Its exotic antecedents aside, present day Sitka, with its gray clapboard buildings on the main street and its sea views, resembles a Maine fishing village, lightly touched by the specter of the first Indians. Several museums, most notably the one at Sheldon Jackson College, pay tribute to Tlingit history and art. Sitka National Historical Park, on the forested site of the 1804 battle that signaled Russian dominance over the natives, is a fifteen minute walk from the center of town. Here the scent of hundred-year-old spruce mingles with that of the sea, which lies just beyond the line of trees. Eleven fierce-looking totem poles have been planted on the milelong forest path. This was the notion of a local photographer at the turn of the century who was strongly interested in Tlingit culture. The original totem poles he collected from abandoned Indian settlements began to deteriorate in the outdoors and have been put in storage. What we see now are replicas, but no less powerful for that. Even the question of whether totem poles would in fact have been placed in a forest by the Indians—normally they were found in villages—seems irrelevant. They remind us of whose spirit truly inhabits this place.

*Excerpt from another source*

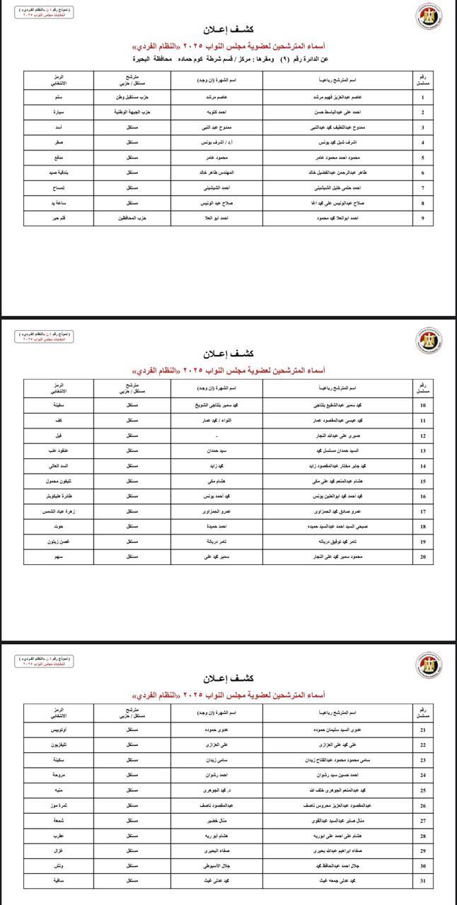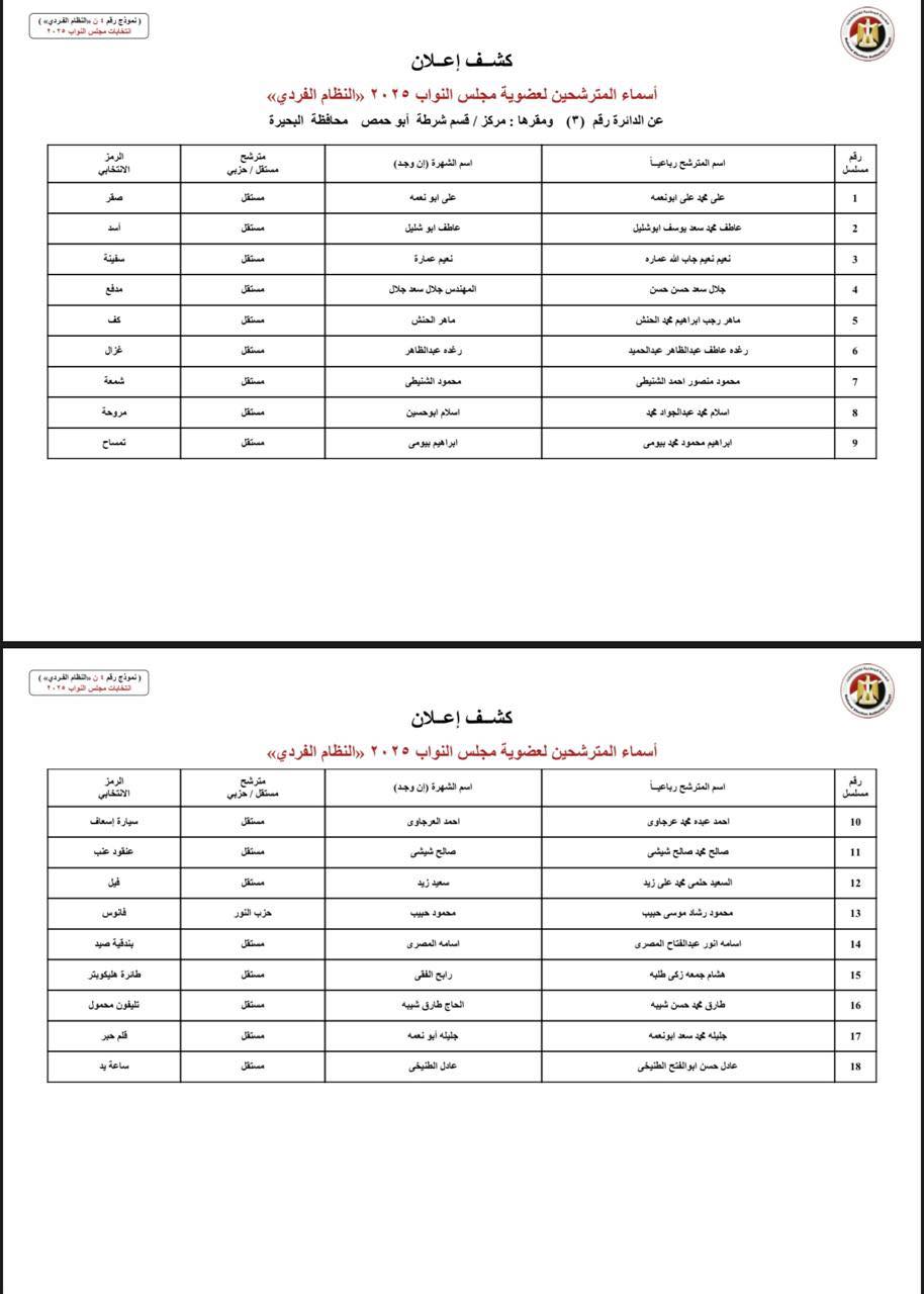 وتضمن الكشفان أسماء المترشحين والصفة التي ثبتت لكل منهم، وحدد الكشف الثاني اسم القائمة التي ينتمي إليها المترشح، على أن يستمر عرض الكشفين على مدار أيام 16 و17 و18 أكتوبر، وتنشرهما الهيئة الوطنية للانتخابات في جريدتي الأخبار والجمهورية.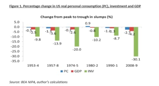 In the last six recessions since WW2, personal consumption fell less than GDP or investment on every occasion and did not even fall in 1980-2. Investment fell by 8-30% on every occasion.

There can’t be a more dramatic way to enter Dawson City than by riverboat, as thousands of gold seekers once did.

Walking under the trees, I came upon a woman sitting on a bench, looking out at the water. She turned to me and said, “You know the story of the Russians in Sitka? I’m part Russian and part Aleut. And I was adopted by the Tlingits. This is my backyard. I come down here from time to time just to sit in my backyard.”